• **PROBLEM**: Every line of the data that includes "protection" should be copied out.

• **SUPPLIED RECORDS**:
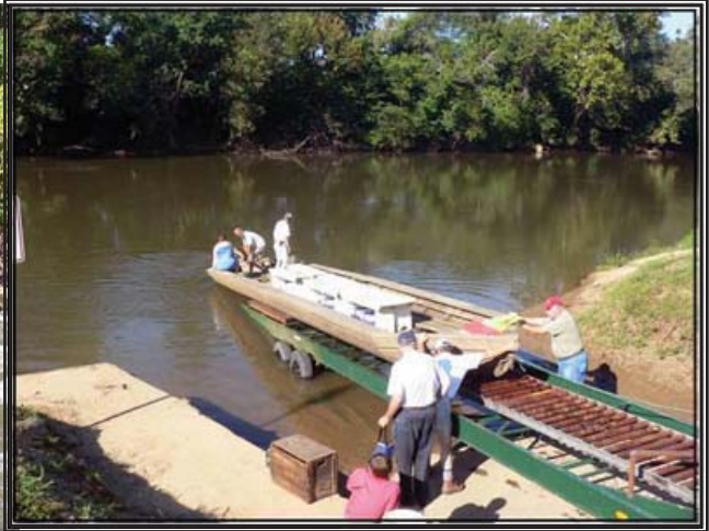
Clockwise from top left : Shooting Dix's Shoal Sluice; Launching the bateau at Angler's Pride Park , Danville, VA; Leaving Dix's Shoal Island after lunch; On the river; DRBA, Naturalist Club, Rockingham County Historical Society Booths at Eden Riverfest; 3 Rivers Outfitters' canoes for rent at Riverfest; View of a bateau excursion from the new Leaksville Landing Bridge.
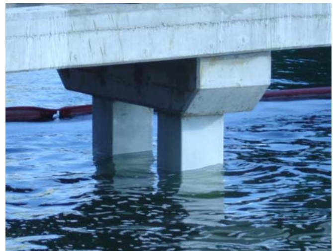
Galvanode Jacket provides protection to piles

* As with all galvanic protection systems, service life is dependent upon a number of factors including reinforcing steel density, concrete conductivity, chloride concentration, humidity and anode mass.
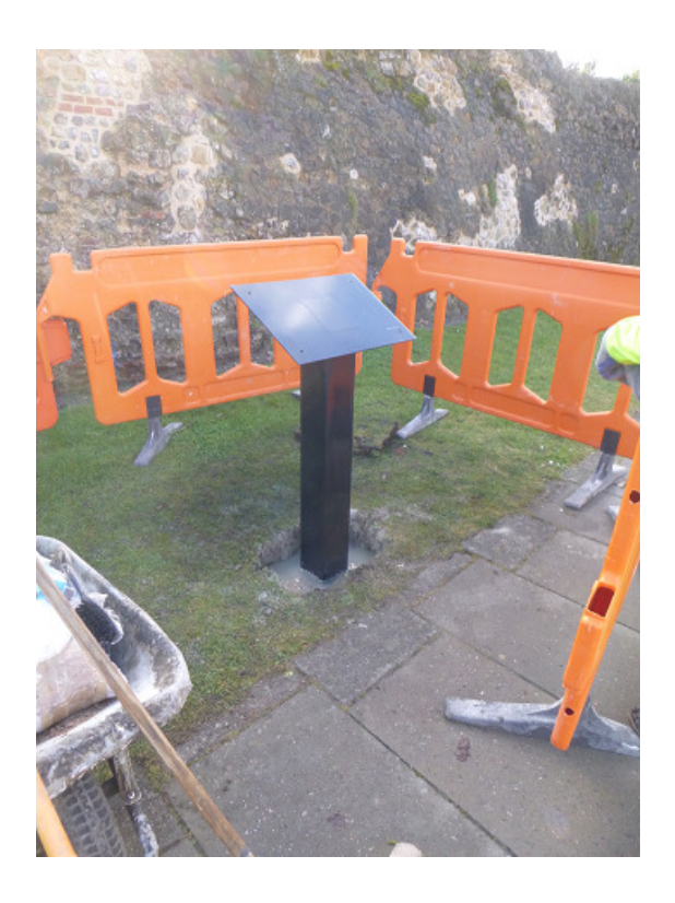
Photograph 1 In-situ board, looking south west

All excavations were carried out by contractors under archaeological supervision. A square hole measuring 0.5m x 0.5m and 0.65m deep was excavated through modern topsoil (L1 0.2m thick, loose dry medium grey/brown silt) onto a layer of modern backfill (L2 0.45m thick, firm dry grey/brown silt with frequent concrete, brick and tarmac inclusions).

• **RESULT OF THIS EXERCISE**:
Galvanode Jacket provides protection to piles
* As with all galvanic protection systems, service life is dependent upon a number of factors including reinforcing steel density, concrete conductivity, chloride concentration, humidity and anode mass.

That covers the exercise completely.